Who Am I to You?
I don’t usually open my laptop on the bus. The M15 Select, though a generally pleasant ride and good people-watching opportunity, has few seats that will comfortably contain a human, their laptop, and the involuntary sway of elbows that keeps in time with their clicking fingers. Besides that, typing on a laptop, on a crowded bus at 5:00 on a just-the-right kind of hot Friday, is intimidating. I feel more deeply exposed every time I catch a wandering eye land on my unpainted nails. I wonder if they are hypothesizing, imagining what sentences are forming on the page. And if they are, if the middle-aged woman in the pink dress sitting behind me whispers to her husband, “I am just positive she is writing a post for a blog about everything but love in your twenties," I want desperately to know what gave her that impression, and me away.
It is unreasonable to assume that everyone you meet will create and maintain the same opinion of you. My best friend has seen me crying on a cold-tiled kitchen floor at midnight and lying through my teeth on the wrong side of a high school fence, but she has never seen me talk about Adrienne Rich for 10 minutes.
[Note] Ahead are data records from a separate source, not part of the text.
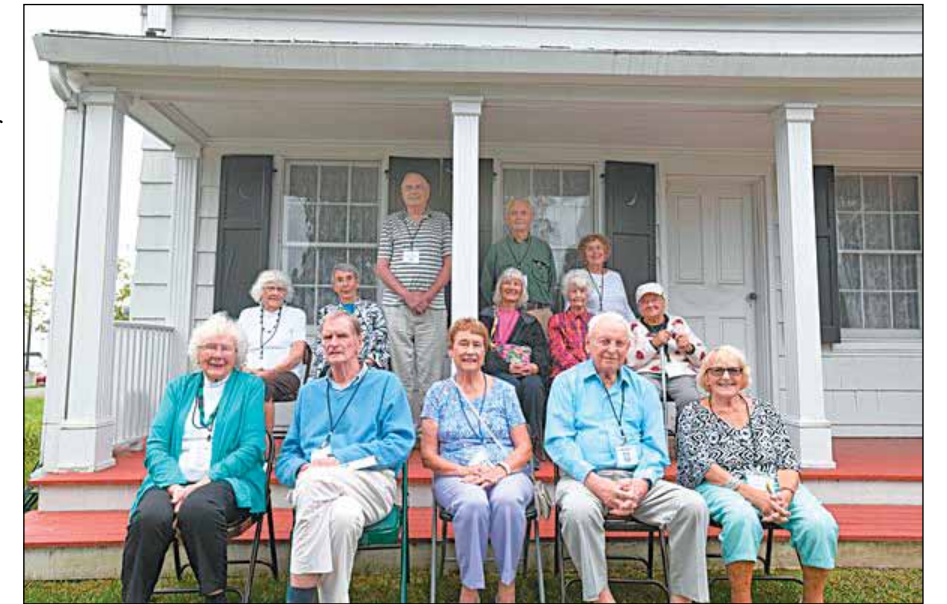
1938 Hurricane survivors met on the 80th anniversary to share their stories.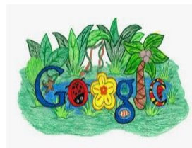
Google's Annual Doodle Contest Is Now Open news.artnet.com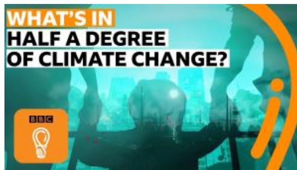
2 - BBC Ideas: How half a degree could change the world forever

Achieving a carbon neutrality by 2030 is a huge task and will require partners to rethink the way we deliver a number of services and operations. The reduction of carbon emissions within the public sector and a transition to a low carbon economy takes aim at the three key areas which are; buildings, transport and procurement. A key task in understanding the scale of the issue is understanding the scale of the emissions from various sectors and within the control of partners. NRW have undertaken the Carbon Positive Project funded by Welsh Government to show leadership in how the public sector can reduce its carbon impact to tackle climate change.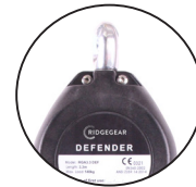
Top swivel for additional connection

Simultaneously, thirty people, probably all now at four-year universities I couldn’t know the names of, know me only for that.
I fear this lack of continuity.
On the last day of my second semester of college in the city, I met up with some friends a couple of hours before class, in the hallway turned journalism student lounge we camped out in all year. The four of us talked of our plans for the summer and gory cartoons about cute animals with extremely bad luck, and everything seemed to be (between us) just as it had been since we’d met in a shared class the semester before. We spent over ten hours every week together— working on the student newspaper and class assignments, eating Thai food and making deli runs in between— and it made me feel like I knew the faces sitting across from me pretty well. I think that the same must have been true for them, because nothing else can explain the expression that washed over their familiar features when I accepted their offer to share a joint. Watching their eyes widen and their lips curl slightly upward, I realized that yes is the last answer any of them expected when they stealthily slipped me the clear plastic container. We smoked the whole thing just a few blocks from campus, and less than an hour later my friends and I were confusing languages we spoke for ones we did not.
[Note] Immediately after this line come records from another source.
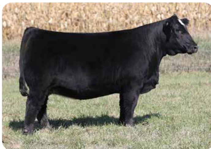
LOT 23 JS BARB 34H

A female that comes to you all sired by the proven Broker and from a very productive Bismarck daughter. Predictability and reliability in production sells in 34H. Both sides of the pedigree are noted for shear, basic, cowboy production and performance. The mating to Double Up only improves the value she has on December 10. AI BRED ON 4/11/21 TO WHF/JS/CCS DOUBLE UP G365 (ASA: 3948321). PE 5/1/21-6/30/21 JBSF LOGIC 5E (ASA: 3337441). LIKELY SAFE AI.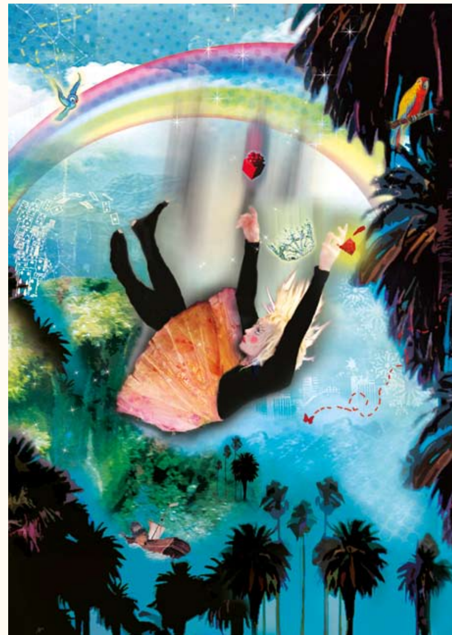
Promotional image - Alice falling down the rabbit hole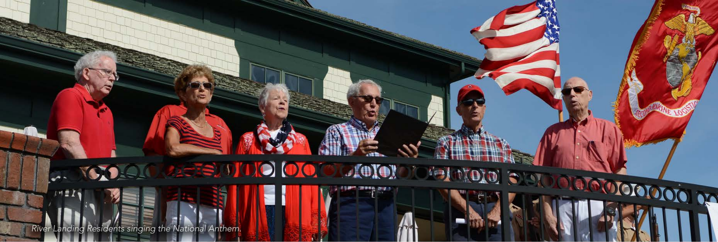
River Landing Residents singing the National Anthem.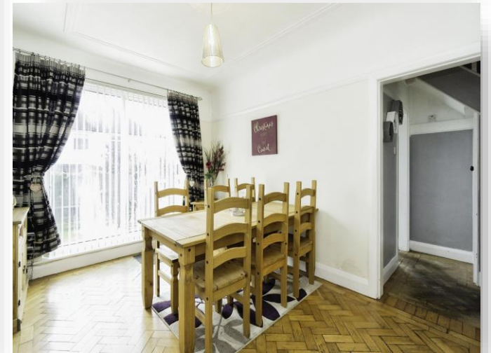
Mallory Road, Birkenhead, CH42 6QR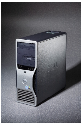
Dell Precision 6.8"W x 17.6"H x 18.4"D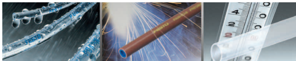
Hydrolysis resistant, ...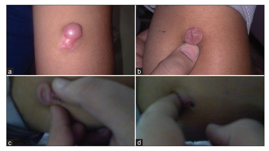
Figure 1: Clinical findings. (a) Tense, erythematous bullae overlying a nodular mass on the left arm. (b) Blister collapsing into a loose sac on pressing the smaller blister. (c) Lesion dimpling on lateral pressure. (d) Lesion allowing buttonholing on vertical pressure

Bhushan and Hussain Bullous pilomatricoma

I am somebody different to everyone who knows me. Because I work so tirelessly to make my every decision a reflection of both who I am and who I want to be, it is strange and sometimes frustrating to acknowledge that so many of the decisions that define me exist solely in an invisible dictionary that only I can read from cover to cover. And I can’t help but wonder, is it possible for another person to truly know us?
Nagel would say no. And though I found that his arguments felt true in my community college philosophy class, I want now to be able to forget them. I want to believe that being incapable of knowing what it is like to be a bat does not render me incapable of knowing what it is like to be any of the people I love.
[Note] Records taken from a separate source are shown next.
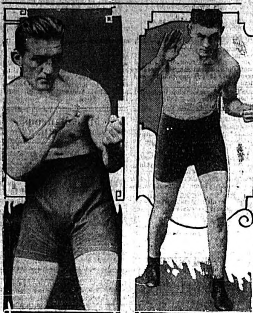
The light heavyweight championship of America will be at stake when Gene Tunney, the holder, battles Georges Carpentier, the colorful Frenchman, at the Polo Grounds, New York, July 24. Both were active combatants in the late war. Tunney with the A. E. F. and Carpentier with the French air forces.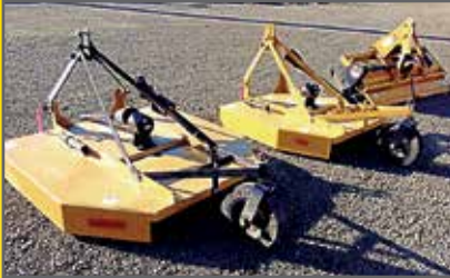
ROTARY CUTTERS AND TILLER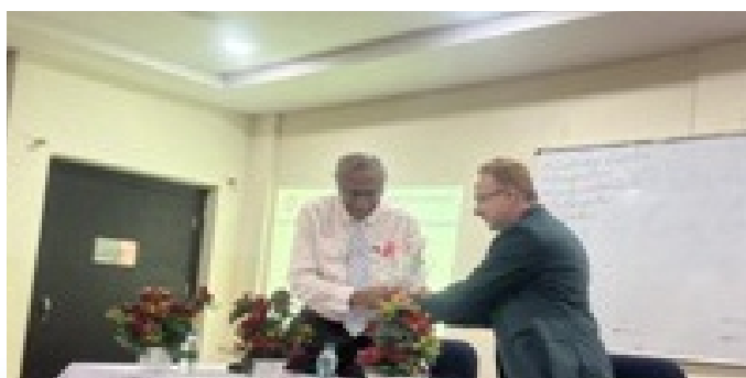
Unlock for potential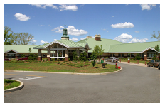
Memorial Home at Menlo Park 132 Evergreen Road, PO Box 3013 Edison, NJ 08818-3013 (732) 452-4102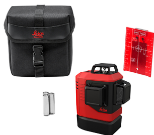
Leica Lino L6Rs Art. No. 918976

Leica Lino L6R, battery tray for Alkaline, 3 x AA Alkaline batteries, target plate, quick start guide, Calibration Certificate Blue, pouch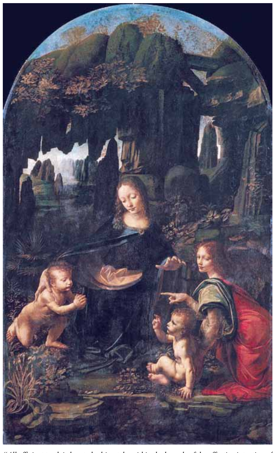
"All efficient truth is located, ultimately, within the bounds of the effective intention of what is to be defined as metaphor," LaRouche writes. Leonardo's use of "sfumato" (seen as if through smoke) and "chiaroscuro" (light/dark), to convey ambiguity, i.e., metaphor in painting, are evident in his "Virgin of the Rocks" (Louvre, ca. 1480)

other leading achievements, Cusa was the founder of a systemic comprehension of that then newly-stated principle of physical science, an authority which is defined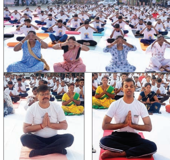
करम टोली तालाब, रांची में जिला प्रशासन एवं पर्यटन, कला, संस्कृति, खेल-कूद एवं युवा कार्य, विभाग रांची की तरफ से अंतरराष्ट्रीय योग दिवस मनाया गया।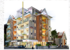
Walk-In Magnifica Kulshekar, Mangalore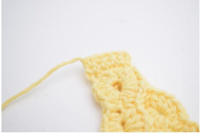
3. Turn and ch 1. Make 5 sc (5). Repeat this once more. Cut the yarn and leave a long tail end for finishing.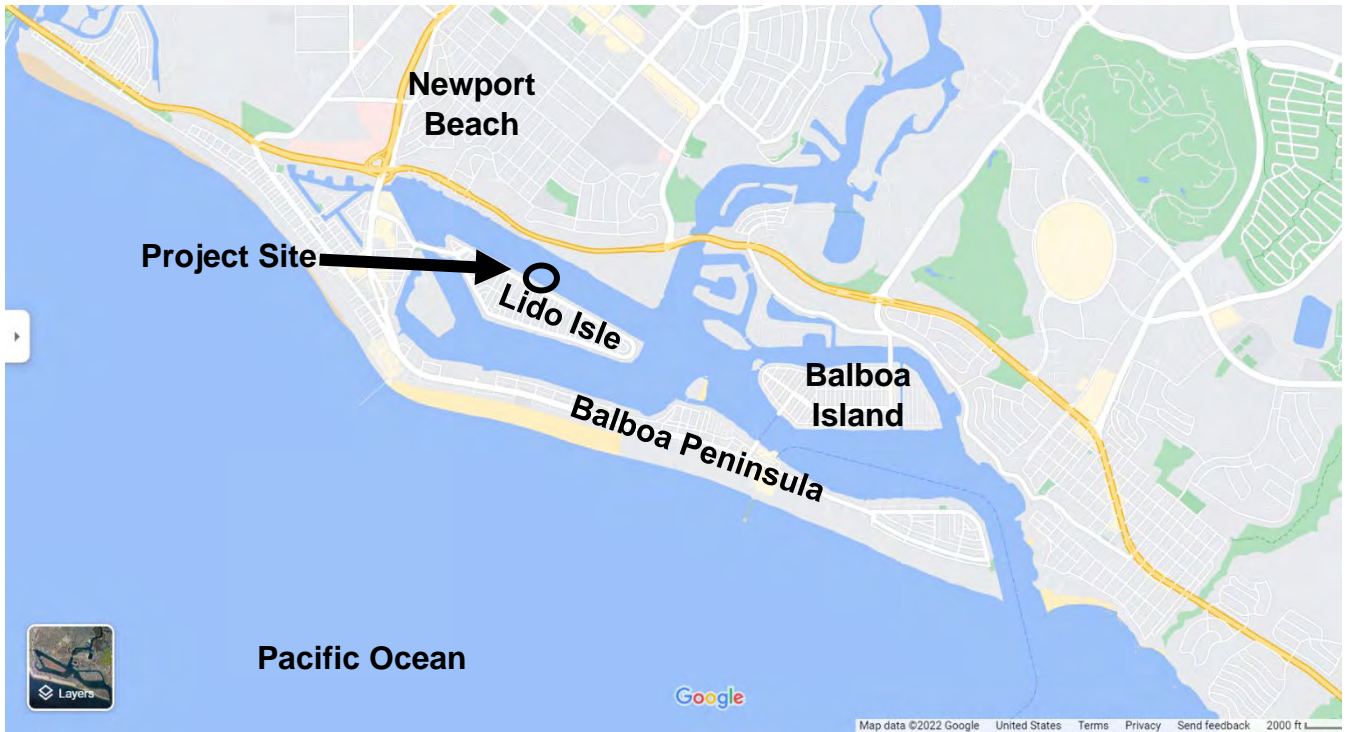
Exhibit 1—Vicinity Map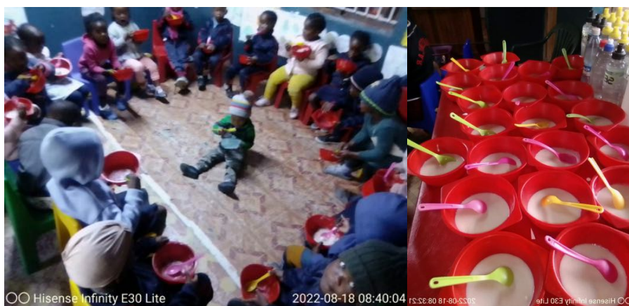
Above: Children in Early Childhood Development Centres enjoying maize meal porridge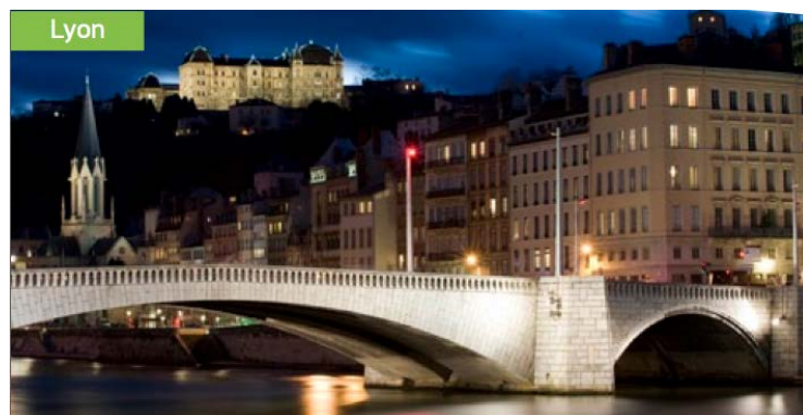
Figure 4: Lyon city centre 24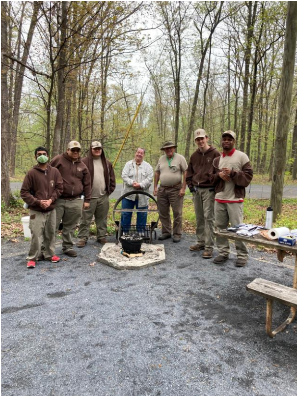
SUCCESS students learn Dutch oven cooking

We are always looking for people to help us grow and help with our programs. You can use the form on the last page of this newsletter to join CFA.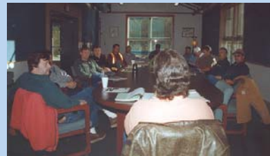
Manzanita Bay Conference Room

The ideal meeting place since opening in 1994, the Ted Ferry Civic Center exemplifies the convergence of Alaskan ruggedness and beauty with modern convenience. Along with high-speed internet access and today's technology in a state-of-the-art, award-winning conference center, we offer our legendary brand of Alaskan hospitality that provides personal service and flexibility comparable to none. It is the perfect setting for a multitude of events – small meetings, retreats, auctions, receptions, banquets, parties, weddings, reunions, conventions, you name it. With a variety of table sizes and seating arrangements available, we can provide the perfect set up for your next event – from very small groups to a maximum of 550 in a theater-style configuration. Just let us know what you want to do and how many attendees you expect, and we'll recommend the best and easiest ways for you to accomplish your goals. Remember, your success is top priority to our staff.

I am sitting alone at a restaurant that is much too nice for my cocktail-serving salary at the corner of E 10th Street and University, and a young girl in a tie-dyed shirt just took a seat in the chair across from me. She tells me that she is selling Oreos for charity. I buy two with a five-dollar bill I found stuffed in the embarrassingly cluttered zipper pocket of my bag and ask, “How are you doing today?” She answers-- “Good”-- without looking up from her box of pre-packaged cookies that is now missing two, then sits with me in silence for another minute. Just minutes after I put my prayer to writing— “Please let that damned Nagel be wrong”— something orchestrated a scene that forced me to remember why I believed him so many years ago.
I have an inexplicable urge now, bubbling inside of me, to ask the server of few words that poured my wine if he believes that anybody truly knows him. I would ask the two girls instagram-storying aesthetically pleasing images of their (admittedly) gorgeous meal to their (probably) tens of thousands of followers, but I am stopped by the rules of interactions with strangers, which strictly prohibit asking deep questions to two friends sharing a meal. But I feel like this train of thought requires external input.
I have work in an hour, am just halfway through my second glass of sauvignon blanc, and I wonder about how to conclude this post. Am I overthinking? Isn’t it special that we can be ourselves and a thousand different people at precisely the same moment? To my friends and acquaintances and anyone who has the mind and guts to ask, I would say yes without hesitation. I would tell them that it is a beautiful thing, to have every part of yourself canonized in somebody else’s mental little black book. And I would make this declaration, not because I want to believe it, but because a part of me does-- even as I sit alone at this restaurant, unsuccessfully wishing that everyone could know me the way that I do.